You are viewing a plain text version of this content. The canonical link for it is here.
Posted to jira@arrow.apache.org by "shadowdsp (Jira)" <ji...@apache.org> on 2021/03/03 09:09:00 UTC
[jira] [Commented] (ARROW-11007) [Python] Memory leak in
pq.read_table and table.to_pandas
[ https://issues.apache.org/jira/browse/ARROW-11007?page=com.atlassian.jira.plugin.system.issuetabpanels:comment-tabpanel&focusedCommentId=17294410#comment-17294410 ]
shadowdsp commented on ARROW-11007:
-----------------------------------
I have the similar issue in `nested data` on Ubuntu16.04 pyarrow v3.0, even if I set `pa.jemalloc_set_decay_ms(0)`. But `non-nested data` can work well.
Here is my script:
{code:java}
import io
import pandas as pd
import pyarrow as pa
pa.jemalloc_set_decay_ms(0)
import pyarrow.parquet as pq
from memory_profiler import profile
@profile
def read_file(f):
table = pq.read_table(f)
df = table.to_pandas(strings_to_categorical=True)
del table
del df
def main():
rows = 2000000
df = pd.DataFrame({
"string": [{"test": [1, 2], "test1": [3, 4]}] * rows,
"int": [5] * rows,
"float": [2.0] * rows,
})
table = pa.Table.from_pandas(df, preserve_index=False)
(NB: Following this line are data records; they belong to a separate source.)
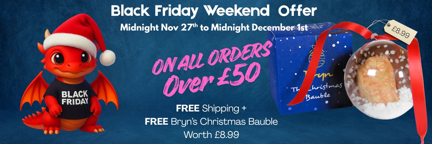 Mischievous little nuggets of joy from our baby Welsh Red Dragon, Bryn (Y Babi Draig Goch). Legend has it that baby dragons are rather tricky to potty train (no one makes dragon nappies, see), and when Bryn gets the giggles… well, magic happens. Each little chocolate-covered toffee popcorn “nugget” is a tiny taste of wonder, the sort you’ll want to share, but probably won’t. Pob lwc (good luck) saving any for later!
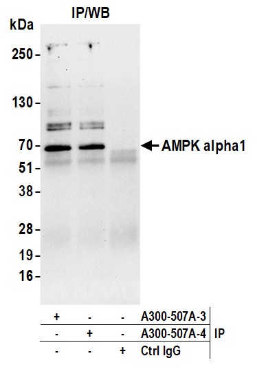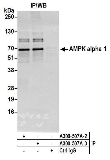 Immunogen: synthetic peptide. The epitope recognized by A300-507A-T maps to a region between residues 350 and 400 of human 5'-AMP-activated Protein Kinase, catalytic Alpha-1 chain using the numbering given in entry BAA36547.1 (GeneID 5562).
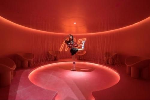 安静祥和的绿色空间,内置大型波波池和攀爬梯,这是瑜伽老师的主场;神秘酷感的黑色空间,不断变化的月相和打碟机,代表着在夜晚释放魅力的DJ;时髦的橘粉色空间,满墙的口红和大大的镜子,美妆博主形象跃然纸上……设计师想传达一个理念:在新时代里,每一个职业都各自“出色”,都值得被尊重。
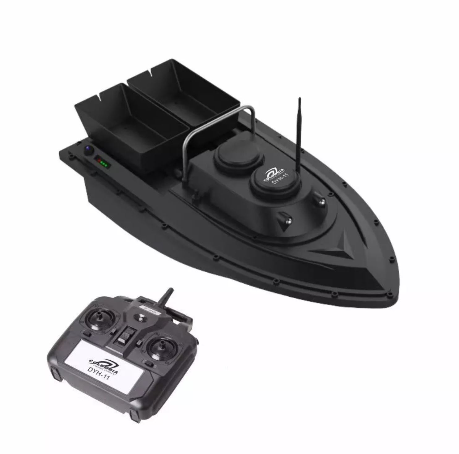 Прикормочный кораблик Columbia DYH-11 - имеет перезаряжаемый аккумулятор ёмкостью 5200mAh. Дистанционный диапазон работы пульта 250-300м. Беспроводное управление позволяет выпустить приманку далеко в озере, реке и водохранилище. Так же кораблик оснащен большим контейнером для приманок или наживки. Обтекаемый корпус выполненый из ABS уменьшает водонепроницаемость и повышает устойчивость к волнам. Пульт и аккумулятор входят в комплектацию.
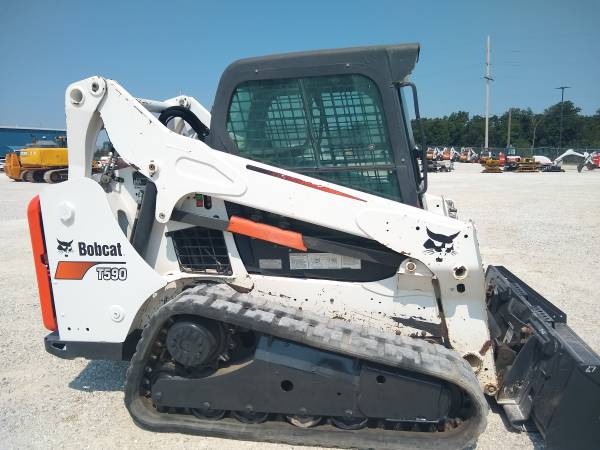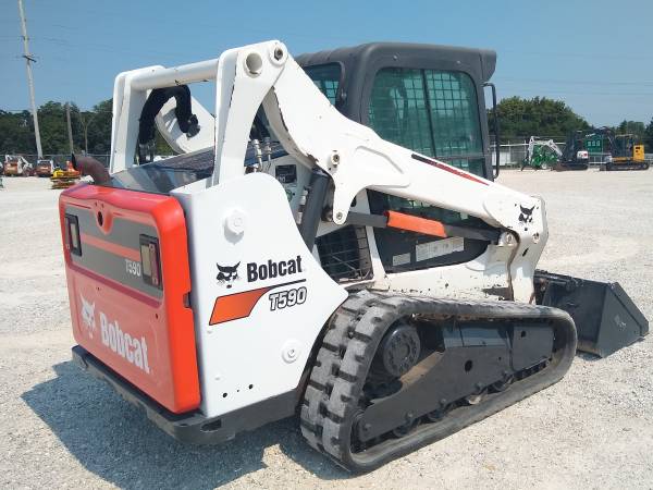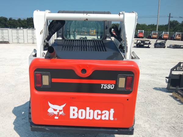 *** HIGH FLOW *** 2014 Bobcat T590, 66hp diesel, 3033 hours, Cab/heat/AC, selectable JOYSTICK controls, HIGH FLOW 17.1/26.7gpm, good tracks and bucket. Weighs about 7870lbs and has a 6000lb tip load. Starts and runs excellent -Come check it out 636-856-8555. Full pictures, specs, and VIDEOs can be found at www.CraigEquipment.com.
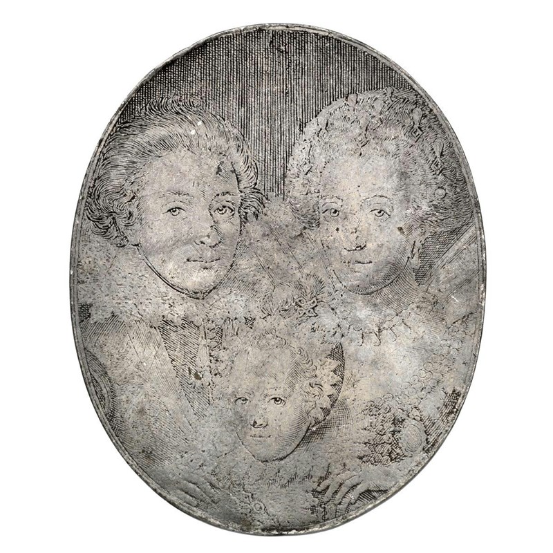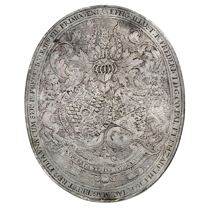 Frederick V (1596-1632), Count Palatine, Elizabeth Stuart (1596-1662) of Bohemia and their son Prince Henry Frederick (1614-1629), oval tin or pewter (or perhaps base silver) portrait medal by Simon de Passe, circa 1616, signed SP (in reversed monogram), busts of the Count, his wife the Princess and the infant Prince, all with lace collars, the Prince with lace bonnet, she with jewels in hair and with necklace, rev., two shields supported by lions, helm and two-tailed lion crest above, motto below SVPERATA TELLVS SYDERA Donat, legend around, EFFIG ILLUST PR FREDERICI DG CO PAL ET ELIZABETHÆ PO PR IAC MAG BRITT REG FILLIA, VNA CVM SERO PR FERDERICO EORU FIL PRIMOGENIto, 63.5 x 51 mm (MI 218/69; Stemper 161; Exter II, 368, 102u). Very fine or nearly so, flan a little uneven and marked.

parquet_stream = io.BytesIO()
pq.write_table(table, parquet_stream)
for i in range(3):
parquet_stream.seek(0)
read_file(parquet_stream)
if __name__ == '__main__':
main()
{code}
Output:
{code:java}
Filename: memory_leak.py
Line # Mem usage Increment Occurences Line Contents
============================================================
14 329.5 MiB 329.5 MiB 1 @profile
15 def read_file(f):
16 424.4 MiB 94.9 MiB 1 table = pq.read_table(f)
17 1356.6 MiB 932.2 MiB 1 df = table.to_pandas(strings_to_categorical=True)
18 1310.5 MiB -46.1 MiB 1 del table
19 606.7 MiB -703.8 MiB 1 del df
Filename: memory_leak.py
Line # Mem usage Increment Occurences Line Contents
============================================================
14 606.7 MiB 606.7 MiB 1 @profile
15 def read_file(f):
16 714.9 MiB 108.3 MiB 1 table = pq.read_table(f)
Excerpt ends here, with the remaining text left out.